# What to work on:
Only one span is wanted from the lines below: from the one with "Met behulp van" up to and including the one with "折りたたみ誕生日帽子インター". Copy it exactly, without images.

# Data provided:
===

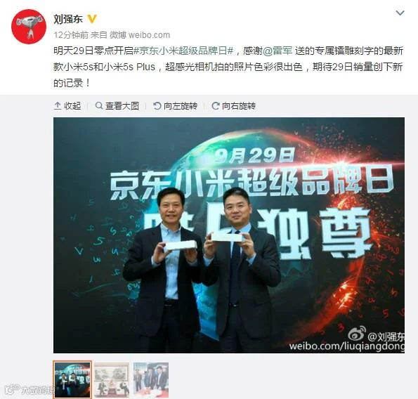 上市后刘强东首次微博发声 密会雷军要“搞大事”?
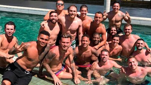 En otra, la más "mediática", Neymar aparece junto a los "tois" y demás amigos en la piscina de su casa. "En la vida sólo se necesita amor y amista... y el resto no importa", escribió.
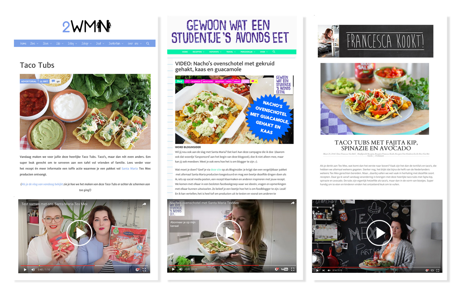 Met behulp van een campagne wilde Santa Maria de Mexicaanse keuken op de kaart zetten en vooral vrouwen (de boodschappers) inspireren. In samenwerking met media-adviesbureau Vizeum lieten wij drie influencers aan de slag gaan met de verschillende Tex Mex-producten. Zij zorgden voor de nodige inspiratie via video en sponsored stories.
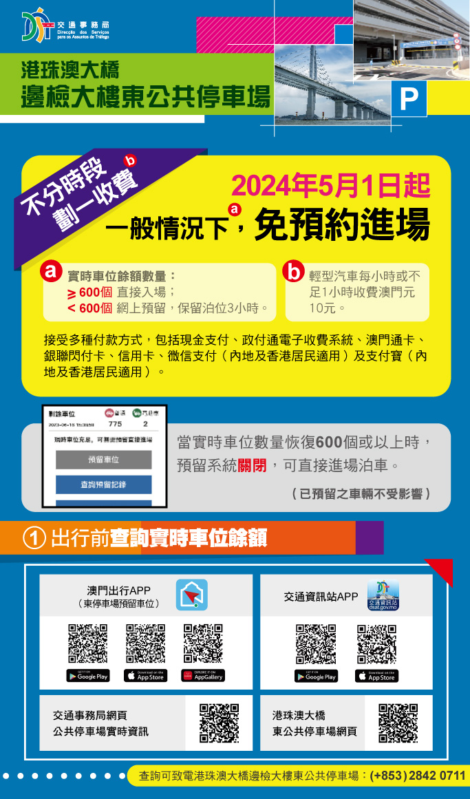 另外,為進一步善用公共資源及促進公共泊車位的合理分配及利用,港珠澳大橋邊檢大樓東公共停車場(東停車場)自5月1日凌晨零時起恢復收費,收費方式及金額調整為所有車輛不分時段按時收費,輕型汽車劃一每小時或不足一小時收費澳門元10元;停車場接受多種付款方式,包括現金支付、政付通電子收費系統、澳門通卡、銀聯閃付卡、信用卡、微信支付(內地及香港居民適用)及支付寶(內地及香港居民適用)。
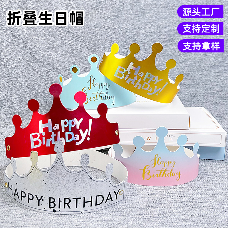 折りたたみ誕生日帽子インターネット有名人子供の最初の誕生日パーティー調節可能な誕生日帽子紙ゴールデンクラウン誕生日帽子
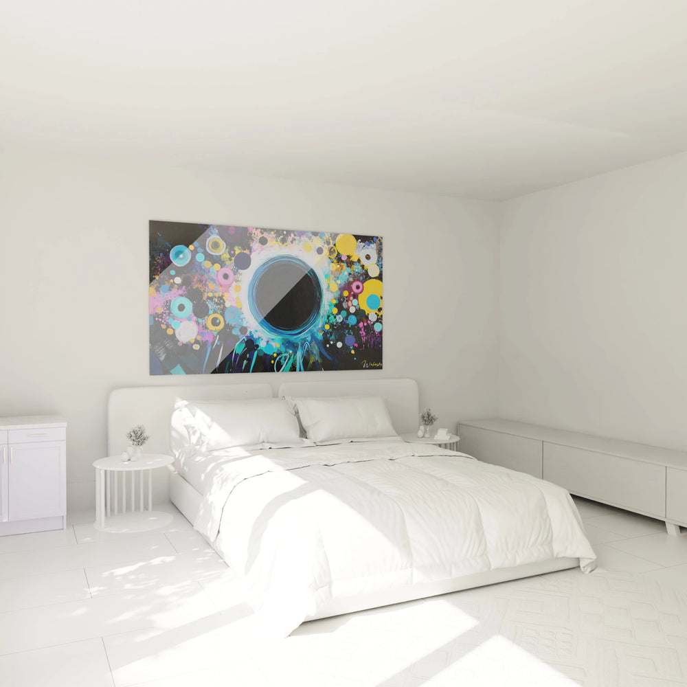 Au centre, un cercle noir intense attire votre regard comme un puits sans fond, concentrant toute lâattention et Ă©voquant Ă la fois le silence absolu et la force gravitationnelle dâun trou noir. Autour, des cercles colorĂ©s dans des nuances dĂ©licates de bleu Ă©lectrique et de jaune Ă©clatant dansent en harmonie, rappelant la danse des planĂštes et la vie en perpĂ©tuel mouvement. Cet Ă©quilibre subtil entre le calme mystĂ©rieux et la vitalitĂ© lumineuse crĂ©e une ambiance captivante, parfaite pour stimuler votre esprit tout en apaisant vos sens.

===

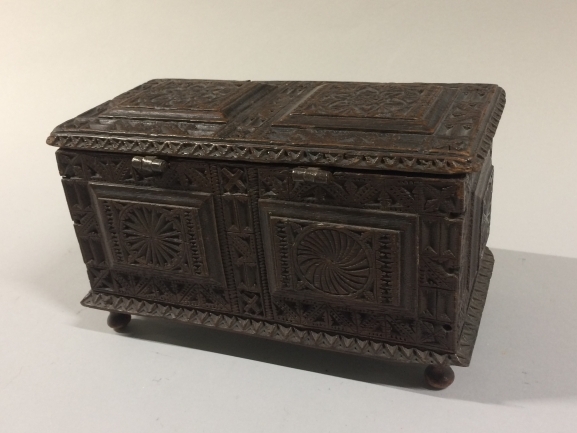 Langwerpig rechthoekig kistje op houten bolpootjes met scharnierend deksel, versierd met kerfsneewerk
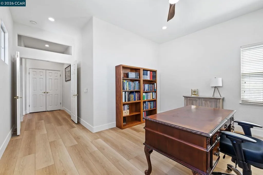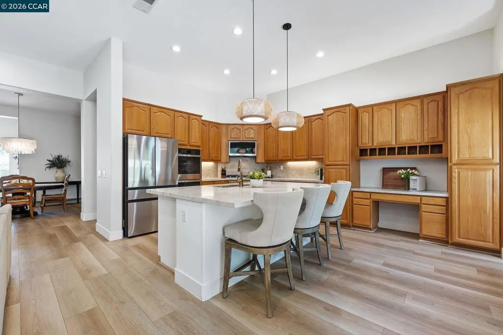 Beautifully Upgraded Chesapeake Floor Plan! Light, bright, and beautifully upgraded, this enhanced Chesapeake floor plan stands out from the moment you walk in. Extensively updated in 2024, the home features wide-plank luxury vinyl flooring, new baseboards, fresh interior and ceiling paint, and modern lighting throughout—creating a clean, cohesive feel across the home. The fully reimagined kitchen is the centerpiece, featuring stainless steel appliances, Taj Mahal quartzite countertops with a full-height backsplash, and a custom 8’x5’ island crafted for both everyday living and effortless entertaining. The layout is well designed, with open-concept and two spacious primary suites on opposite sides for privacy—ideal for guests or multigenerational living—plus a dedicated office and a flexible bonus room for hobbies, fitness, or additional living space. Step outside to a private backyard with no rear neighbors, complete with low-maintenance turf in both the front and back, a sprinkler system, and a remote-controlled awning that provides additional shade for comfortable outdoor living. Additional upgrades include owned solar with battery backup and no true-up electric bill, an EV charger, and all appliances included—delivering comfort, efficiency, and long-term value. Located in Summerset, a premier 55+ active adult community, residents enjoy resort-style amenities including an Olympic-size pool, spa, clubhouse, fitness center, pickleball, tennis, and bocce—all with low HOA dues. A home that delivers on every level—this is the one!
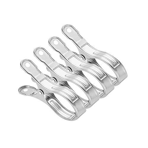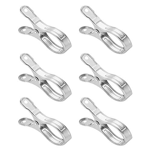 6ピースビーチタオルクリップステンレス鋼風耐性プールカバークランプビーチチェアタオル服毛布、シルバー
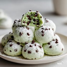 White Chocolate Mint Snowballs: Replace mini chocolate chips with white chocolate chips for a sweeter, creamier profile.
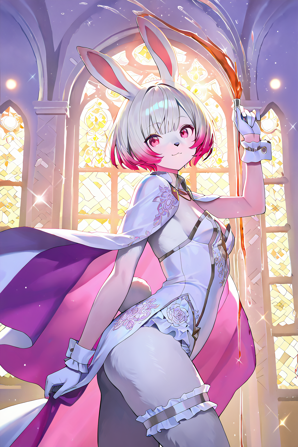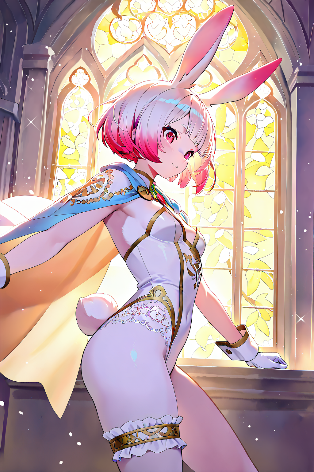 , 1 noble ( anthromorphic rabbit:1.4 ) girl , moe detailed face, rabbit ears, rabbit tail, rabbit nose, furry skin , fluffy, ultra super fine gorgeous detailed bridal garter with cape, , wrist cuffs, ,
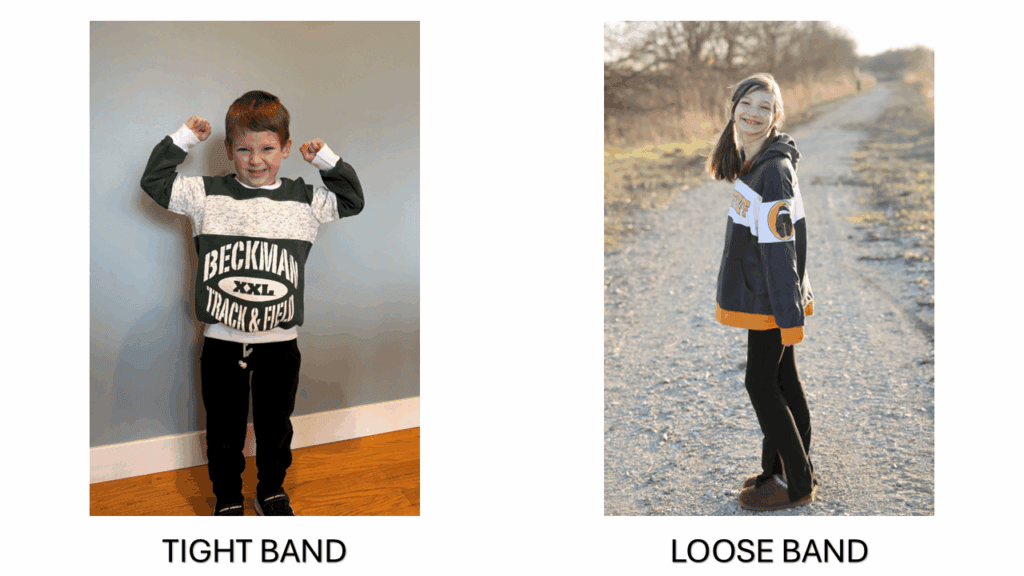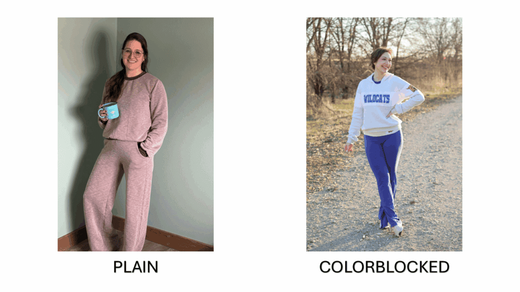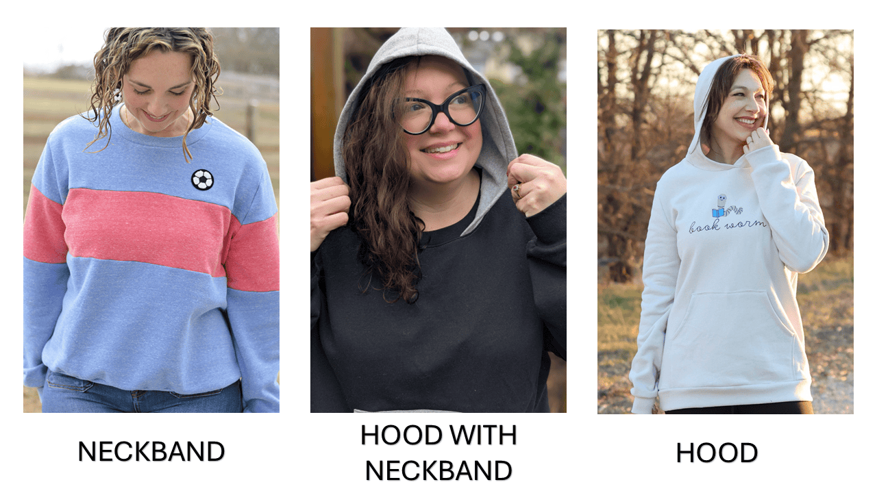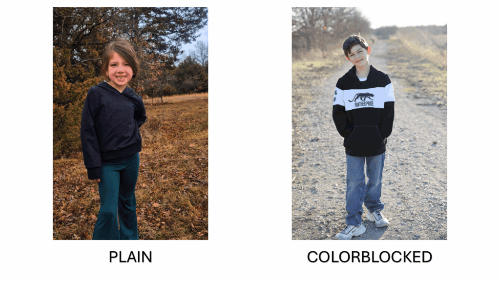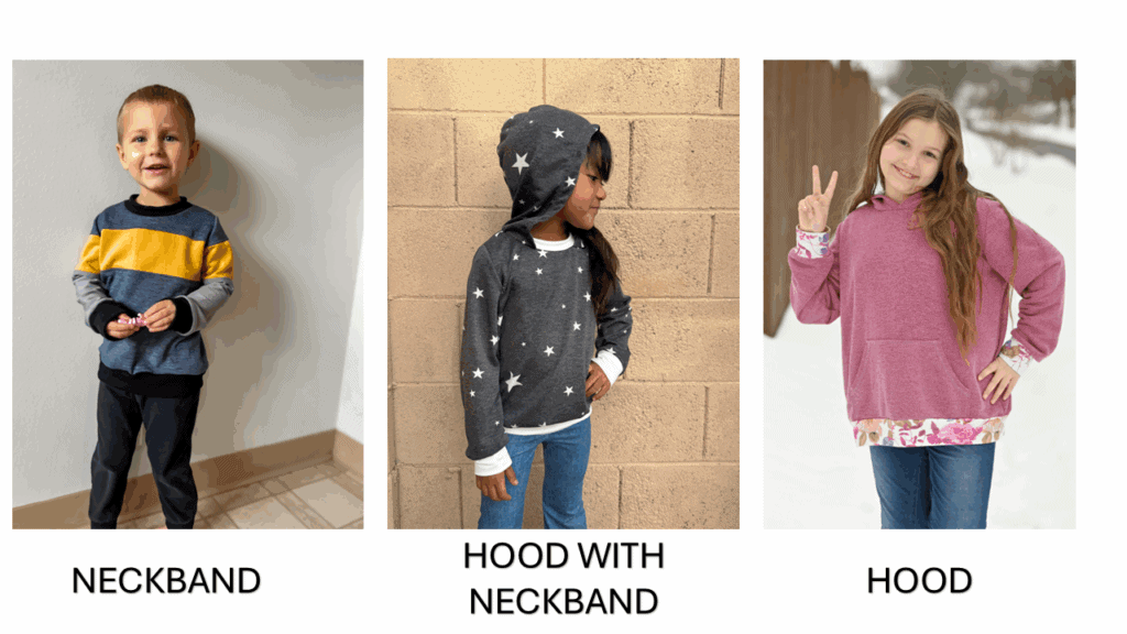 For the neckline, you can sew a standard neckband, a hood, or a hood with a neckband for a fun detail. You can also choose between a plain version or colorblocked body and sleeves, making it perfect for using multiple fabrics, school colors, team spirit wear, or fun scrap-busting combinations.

===

# Task answer:
 Met behulp van een campagne wilde Santa Maria de Mexicaanse keuken op de kaart zetten en vooral vrouwen (de boodschappers) inspireren. In samenwerking met media-adviesbureau Vizeum lieten wij drie influencers aan de slag gaan met de verschillende Tex Mex-producten. Zij zorgden voor de nodige inspiratie via video en sponsored stories.
 另外,為進一步善用公共資源及促進公共泊車位的合理分配及利用,港珠澳大橋邊檢大樓東公共停車場(東停車場)自5月1日凌晨零時起恢復收費,收費方式及金額調整為所有車輛不分時段按時收費,輕型汽車劃一每小時或不足一小時收費澳門元10元;停車場接受多種付款方式,包括現金支付、政付通電子收費系統、澳門通卡、銀聯閃付卡、信用卡、微信支付(內地及香港居民適用)及支付寶(內地及香港居民適用)。
 折りたたみ誕生日帽子インターネット有名人子供の最初の誕生日パーティー調節可能な誕生日帽子紙ゴールデンクラウン誕生日帽子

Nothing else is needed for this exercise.